My favorite sections of the book were the stories he told of writing Statistics for Experimenters, his book—along with William (Bill) Hunter and Stu Hunter—on experimental design. He wrote about how the book evolved from mimeographed notes for a course he had taught to the published version. It took several years for them to finish the writing of the book, only to be met with horrible reviews. (Note: This makes me feel slightly better about the year it took to write our book.)

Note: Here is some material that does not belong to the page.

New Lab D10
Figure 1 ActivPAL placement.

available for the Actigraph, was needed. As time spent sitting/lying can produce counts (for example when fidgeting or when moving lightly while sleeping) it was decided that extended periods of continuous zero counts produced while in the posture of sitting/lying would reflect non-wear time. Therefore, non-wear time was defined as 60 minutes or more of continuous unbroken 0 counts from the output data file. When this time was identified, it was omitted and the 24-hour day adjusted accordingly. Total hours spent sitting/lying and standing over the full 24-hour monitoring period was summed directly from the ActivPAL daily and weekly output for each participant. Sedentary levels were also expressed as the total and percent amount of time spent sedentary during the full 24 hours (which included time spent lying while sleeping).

In a chapter written about Bill Hunter (who was one of George’s graduate students at the University of Wisconsin), George relates that Bill started his PhD in 1960. After he finished (in 1963!)  he was hired almost immediately by Wisconsin as an assistant professor. Three years later he was made associate professor, and in 1969 (eight years after he started his PhD) he was made full professor. Unbelievable!

Box, Hunter, and Hunter

Thursday Next

From Jasper Fforde’s latest Thursday Next novel (The Woman Who Died Alot):

The Office for Ultimate Risk is one of the many departments within the Ministry of National Statistics. Although it was originally an “experimental” department, the statisticians at Ultimate Risk proved their worth by predicting the entire results of three football World Cups in succession, a finding that led to the discontinuation of football as a game and the results being calculated instead.

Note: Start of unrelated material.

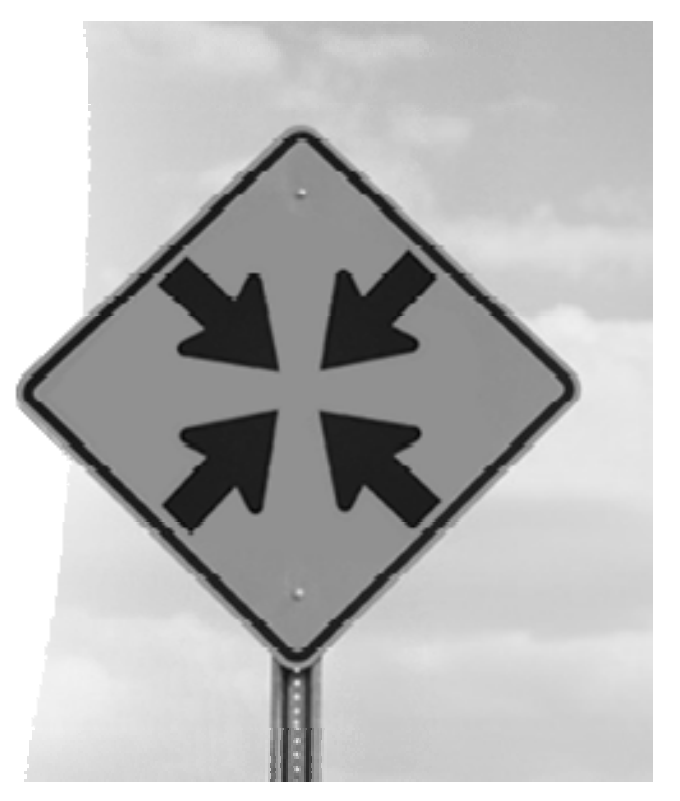
"We are taking apart each task and sending it...to whomever can do it best...and then we are reassembling all the pieces."

from Thomas Friedman's 'The World is Flat'

Introducing Statistics: A Graphic Guide

Source: introducingbooks.com

Source: introducingbooks.com

Over the winter break I was travelling in the UK and I came across this little book called “Introducing Statistics: A Graphic Guide” by Ellen Magnello and Borin Van Loon at the gift shop in the Tate Modern museum in London. The book is published in 2009, and Significance magazine already reviewed it here, so I won’t repeat their comments. I hadn’t heard about the book before, so I picked it up, along with a copy of Introducing Post-Modernism (they were 2 for £10, I had to get two, obviously).

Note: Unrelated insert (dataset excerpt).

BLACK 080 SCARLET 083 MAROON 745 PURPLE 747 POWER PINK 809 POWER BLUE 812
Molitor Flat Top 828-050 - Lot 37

I think the book would be more appropriately named “an illustrated guide”, since the images are mostly illustrations of statisticians with speech bubbles instead of graphics that help visualize the concepts being discussed. The most unexpected are the images of the author herself. The first time I came across one of those I was thinking “who is this lady in the pant-suit standing next to Karl Pearson?”. Needless to say, the illustrations sometimes distract from the text, but they’re fun and nicely drawn.

The book does a very good job of describing the differences between vital statistics and mathematical statistics, and what the terms “statistic” and “variability” mean. Therefore, while the audience of the book is not clear, it could be a perfect gift for parents of statisticians who still don’t quite understand what their offspring do. Or really anyone who is interested in statistics, but has no real formal experience with it.

While the book tells the early history of statistics well, the introduction of statistical concepts follow a strange order. It is useful for gaining familiarity with some terminology and simple statistical distributions and tests, but it would be quite difficult to acquire a thorough understanding of these concepts from the book’s introduction. However, I’m guessing this is not the intent of the book, anyway.

The book is part of a series called Introducing Books, which contain about 80 graphical guides from Introducing Aesthetics to Marxism to Wittgenstein. The museum shop where I got the book carried only about 10 of these titles, and I was happy to see that Introducing Statistics was one of them.